● **WHAT YOU NEED TO DO**
Using the listing below, print the line containing "The stone of", the line containing "In the first", and each line between them, exactly and nothing else. Pictures stay out of the print.

● **EXTRACTED INFORMATION**
((

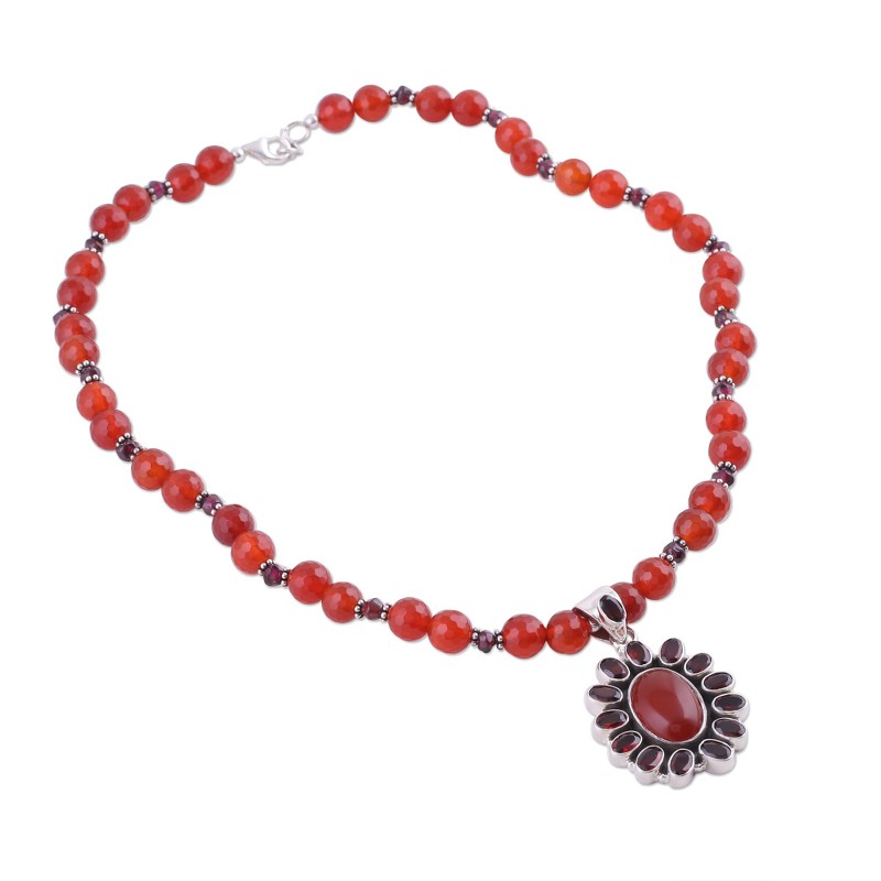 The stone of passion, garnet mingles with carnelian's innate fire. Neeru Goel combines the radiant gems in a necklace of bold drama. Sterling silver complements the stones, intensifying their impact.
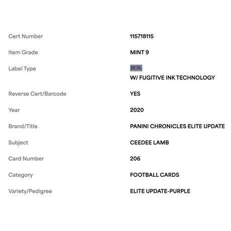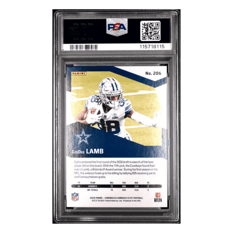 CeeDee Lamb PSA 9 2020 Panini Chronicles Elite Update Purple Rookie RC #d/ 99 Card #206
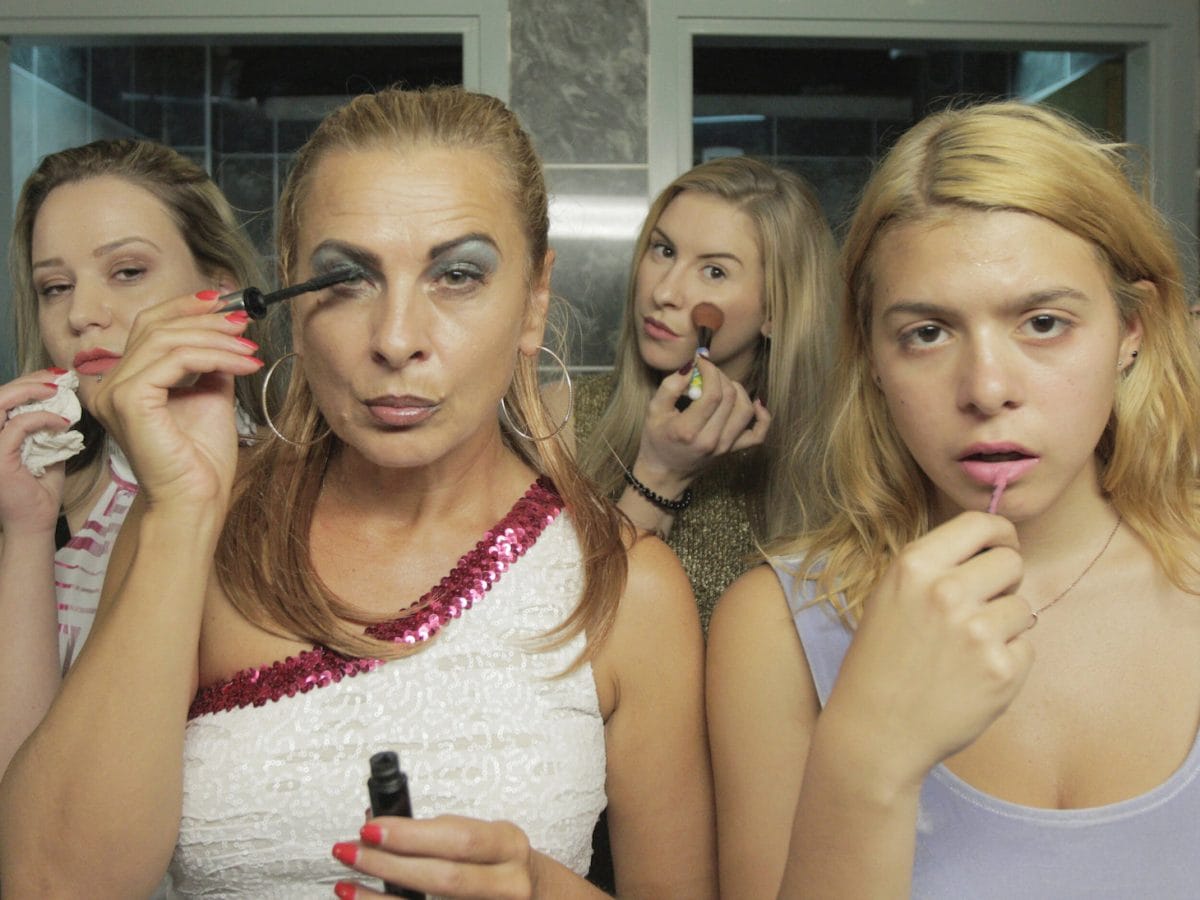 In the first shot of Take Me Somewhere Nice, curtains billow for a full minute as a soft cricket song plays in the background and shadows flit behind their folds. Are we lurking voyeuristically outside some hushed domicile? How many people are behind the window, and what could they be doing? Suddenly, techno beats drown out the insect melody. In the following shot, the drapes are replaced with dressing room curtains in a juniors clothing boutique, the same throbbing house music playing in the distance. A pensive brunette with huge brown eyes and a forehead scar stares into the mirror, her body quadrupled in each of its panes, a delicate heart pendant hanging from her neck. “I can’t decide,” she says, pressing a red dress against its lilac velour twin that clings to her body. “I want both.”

))
((

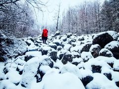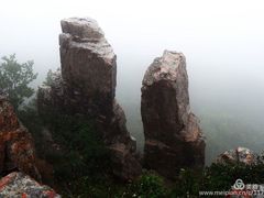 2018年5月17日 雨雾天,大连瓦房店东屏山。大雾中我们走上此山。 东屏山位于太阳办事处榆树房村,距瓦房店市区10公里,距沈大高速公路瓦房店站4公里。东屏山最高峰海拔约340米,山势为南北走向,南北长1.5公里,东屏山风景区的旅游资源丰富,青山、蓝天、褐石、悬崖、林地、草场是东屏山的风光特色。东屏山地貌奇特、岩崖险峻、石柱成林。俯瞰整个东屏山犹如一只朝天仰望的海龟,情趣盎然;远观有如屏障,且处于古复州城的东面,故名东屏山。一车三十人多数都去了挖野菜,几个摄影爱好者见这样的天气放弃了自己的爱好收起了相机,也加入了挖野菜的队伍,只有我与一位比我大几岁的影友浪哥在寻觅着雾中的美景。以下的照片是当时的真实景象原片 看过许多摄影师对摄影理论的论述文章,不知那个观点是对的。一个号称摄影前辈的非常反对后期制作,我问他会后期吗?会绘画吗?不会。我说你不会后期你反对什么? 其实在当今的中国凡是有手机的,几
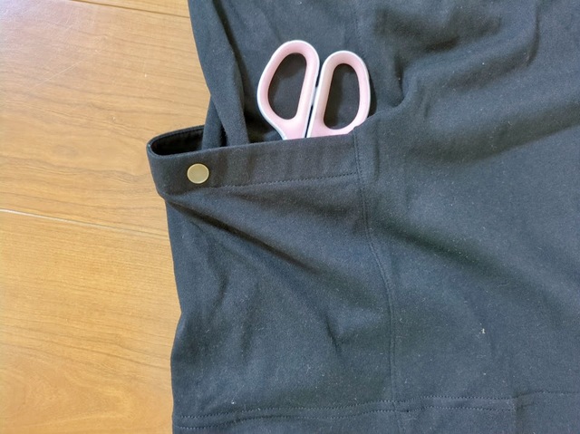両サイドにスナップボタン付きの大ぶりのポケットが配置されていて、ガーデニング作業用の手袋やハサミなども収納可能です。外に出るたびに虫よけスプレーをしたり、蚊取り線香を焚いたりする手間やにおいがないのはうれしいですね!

))
((

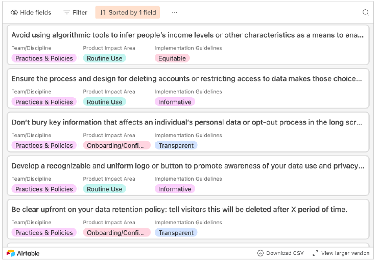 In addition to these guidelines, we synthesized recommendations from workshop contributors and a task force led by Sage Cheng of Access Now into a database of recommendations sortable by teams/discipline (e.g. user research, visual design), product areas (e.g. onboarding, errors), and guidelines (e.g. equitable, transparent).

))

● **SOLVED EXERCISE**
 The stone of passion, garnet mingles with carnelian's innate fire. Neeru Goel combines the radiant gems in a necklace of bold drama. Sterling silver complements the stones, intensifying their impact.
 CeeDee Lamb PSA 9 2020 Panini Chronicles Elite Update Purple Rookie RC #d/ 99 Card #206
 In the first shot of Take Me Somewhere Nice, curtains billow for a full minute as a soft cricket song plays in the background and shadows flit behind their folds. Are we lurking voyeuristically outside some hushed domicile? How many people are behind the window, and what could they be doing? Suddenly, techno beats drown out the insect melody. In the following shot, the drapes are replaced with dressing room curtains in a juniors clothing boutique, the same throbbing house music playing in the distance. A pensive brunette with huge brown eyes and a forehead scar stares into the mirror, her body quadrupled in each of its panes, a delicate heart pendant hanging from her neck. “I can’t decide,” she says, pressing a red dress against its lilac velour twin that clings to her body. “I want both.”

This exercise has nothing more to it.